CS SEMINAR

Speech and Music AI: The Current Research Frontier

Speaker

Zhizheng Wu, The Chinese University of Hong Kong (Shenzhen), China
Xueyao Zhang, The Chinese University of Hong Kong (Shenzhen), China
Junan Zhang, The Chinese University of Hong Kong (Shenzhen), China
Yuancheng Wang, The Chinese University of Hong Kong (Shenzhen), China
Yinghao Ma, Queen Mary University of London, UK
Zachary Novack, UC San Diego, USA
Scott H. Hawley, Belmont University, USA
Rafael Ramirez, Universitat Pompeu Fabra, Spain
Gus Xia, MBZUAI, United Arab Emirates
Junyan Jiang, MBZUAI, United Arab Emirates
Yuxuan Wu, MBZUAI, United Arab Emirates
Xinyue Li, MBZUAI, United Arab Emirates
Xubo Liu, Meta, UK

Chaired by

Dr WANG Ye, Associate Professor, School of Computing

wangye@comp.nus.edu.sg

28 Apr 2025 Monday, 02:00 PM to 06:00 PM

Talk 1: Recent Advances of Speech Generation and DeepFake Detection

Abstract: This talk will cover the recent research activities by the Amphion team led by Prof. Zhizheng Wu. The talk will focus on spoken language understanding, speech generation, unified and foundation models for speech synthesis, voice conversion, and speech enhancement. The talk will be accompanied by three highlight talks of Prof. Wu’s PhD students who presented their work at ICLR2025 in Singapore.

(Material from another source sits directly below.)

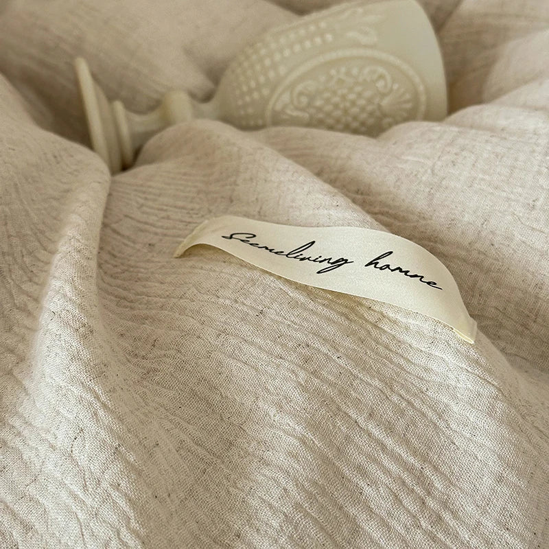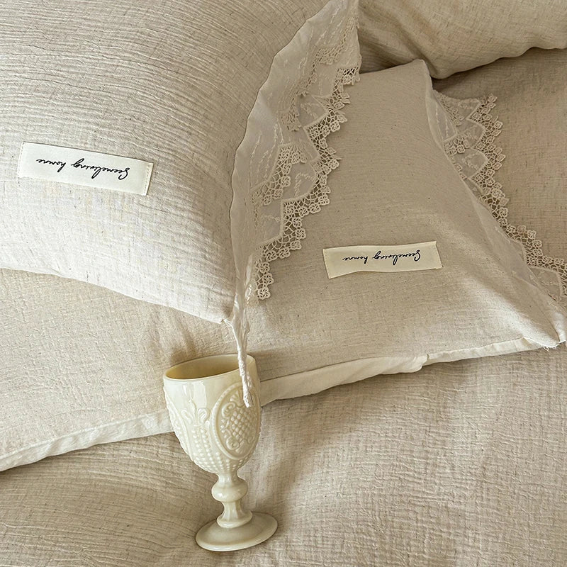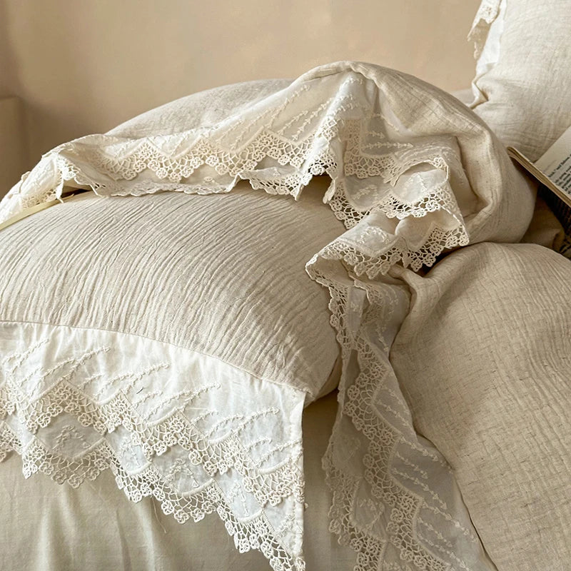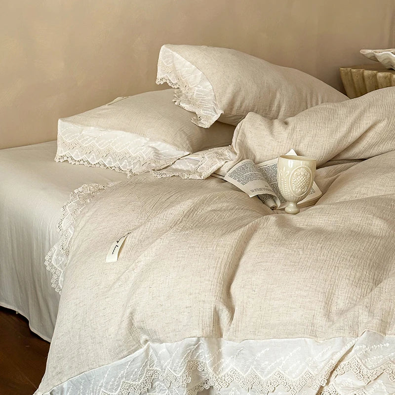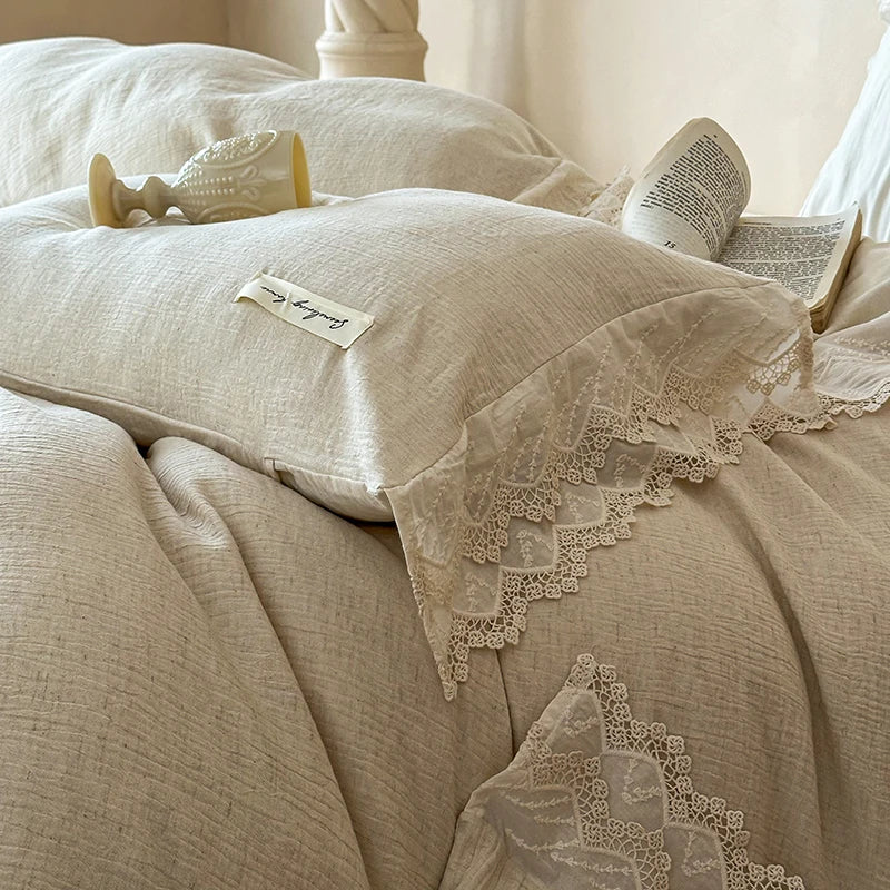 20% Linen And 80% Cotton Vintage French Lace Edge Embroidery Bedding Set Duvet Cover Set Bed Sheet/Fitted Sheet Pillowcases 4Pcs

Bio: Prof. Wu Zhizheng is currently an Associate Professor at The Chinese University of Hong Kong, Shenzhen. He holds the position of Deputy Director at the Shenzhen Key Laboratory of Cross-Modal Cognitive Computing. Prof. Wu has been consistently listed in Stanford University’s “World’s Top 2% Scientists” and has received multiple Best Paper Awards. He earned his Ph.D. from Nanyang Technological University and has held research and leadership roles at internationally renowned institutions, including Meta (formerly Facebook), Apple, the University of Edinburgh, and Microsoft Research Asia. Prof. Wu has initiated several influential open-source projects, such as Merlin, Amphion, and Emilia, which have been adopted by over 700 organizations worldwide, including OpenAI. Notably, Amphion has topped GitHub’s trending list multiple times, while Emilia has become the most popular audio dataset (Most Liked) on HuggingFace. He also initiated and organized the first ASVspoof Challenge and the first Voice Conversion Challenge and served as the organizer of the Blizzard Challenge 2019, a prestigious international speech synthesis competition. Currently, Prof. Wu serves on the editorial boards of IEEE/ACM Transactions on Audio, Speech and Language Processing and IEEE Signal Processing Letters, and is the General Chair of the IEEE Spoken Language Technology Workshop 2024.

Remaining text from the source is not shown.